Uno de los presuntos caballeros del atentado, balanceándose lastimosamente, le alentaba en la nariz con misterio.

—¿Tan grave es, Miguel? ¿Se ha escalabrado?

—No sé, pero esto no lo arreglamos aquí. A mí me parece que lo mejor es llevarlo para arriba. Allá verán lo que tiene.

Algunas mujeres, despeinadas y gritonas, hacían la pamema del dolor.

—Ay, que lo habéis matado, que lo habéis matado...

—Callaos y a casa, que esto es asunto de hombres.

Y se iban quejando a esperar que volvieran los hombres y les contaran. Otras querían resguardo para sus maridos.

—¿Te preparo la ropa y te vas hasta que pase esto?

—Pero si no ha pasado nada, María. A casa, que cuando llevemos a éste aparezco por allá.

Por fin el grupo se fue desintegrando. Miguel y los que no estaban muy pasados de vino cargaron con Muñoz y lo llevaron a la Casa de Socorro. Las luces en las casas se apagaron. Unos nubarrones de tormenta crecían del campo hacia el barrio de la Cal. Los perros buscaban asilo bajo las tejavanas. Regresaron los hombres cuando caían las primeras gotas gordas, que se aplastaban en el suelo fofamente, como cuando se pisa un abejorro torpe...

No pasó nada. Muñoz se recuperó de su conmoción y de sus costillas rotas. Estuvo quince días en el hospital. Cuando volvió al barrio, llegaba como un mutilado glorioso y la gente, desde los umbrales de las casas, le saludaba espiando sus gestos, pero sin atreverse a acercársele.

—¿Qué tal, Muñoz?

Y él, halagado, respondía con gesto flaco de muy enfermo.

—Ya se pasó todo.

Fue a su casa. Allí le fueron a visitar Miguel y algunos de sus muchachos.

—¿Se puede, Muñoz?

—Adelante, hombre, adelante.

—¿Qué tal eso?

—Como nuevo; dentro de dos semanas, al cúrrelo. Lo malo es que el patrón no paga nada porque no es accidente de trabajo.

—No te preocupes, Muñoz, para eso estamos. Ya se verá y algo puede que le saquemos.

—Gracias, Miguel.

Se callaron. Era el momento propicio para la pregunta de Miguel; pero éste, otras veces tan decidido, no se atrevía; se miraron fijamente. Muñoz hizo uso de su memoria.

—Me tropecé, ¿sabes?, al querer saltar el hoyo. Iba malo; ese vino asqueroso que Moreno vende... Si no lo cambia no entro más, porque igual repito.

Miguel y su gente se aflojaron ante la noticia.

—Tienes razón, Muñoz. Hay que decirle que cambie el vino. ¿Puedes fumar?

—Desde luego.

Miguel se volvió a uno de sus acompañantes.
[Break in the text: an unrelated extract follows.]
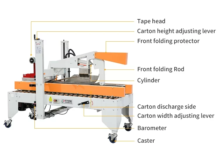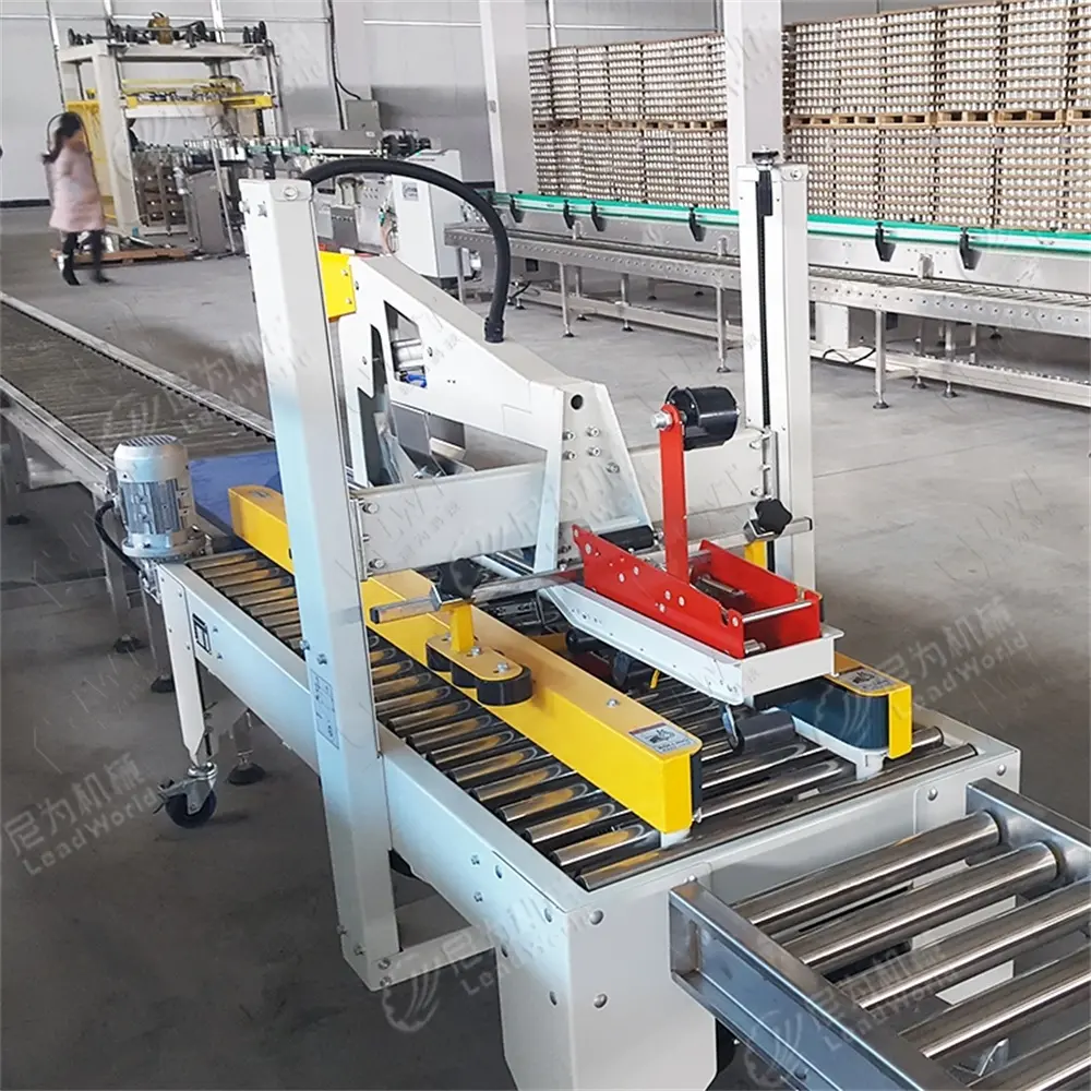 - Penyegelan kotak: Mesin menggunakan pita perekat di dalamnya untuk menutup bagian atas dan bawah kotak karton, memastikan kemasan tetap kokoh.

—Oye, lárgate a Saturnino, ¿eh?; a Saturnino, no a Moreno, y dile que te dé dos irascos de tinto de mi parte.

Aquella tarde hablaron y hablaron. Repitieron los viajes a Saturnino. Comenzó a entrar gente en casa de Muñoz. Se charlaba de política. Acabaron entendiéndose. Brillaba una luna grande y farolera que ahuecaba las casas. El barrio se extendía blanco y negro. El llanto de un niño pequeño brotaba de una ventana. El terrorismo inútil del barrio de la Cal había terminado. Era sábado.

A las tres semanas, Muñoz trabajaba de nuevo y cobraba la mitad de los jornales del tiempo de hospital y convalecencia. De noche un guardia cuidaba del orden del barrio. Guardia de noche pedido al Ayuntamiento por el patrón de las caleras. El último atentado fue hermanador, fue un atentado de la Providencia. Aquel verano hizo demasiado calor. Sobre el barrio de la Cal se encendía el cirio del sol quemando los malos pensamientos, frágiles como mariposas, negros como los aullidos de los perros en las noches tibias.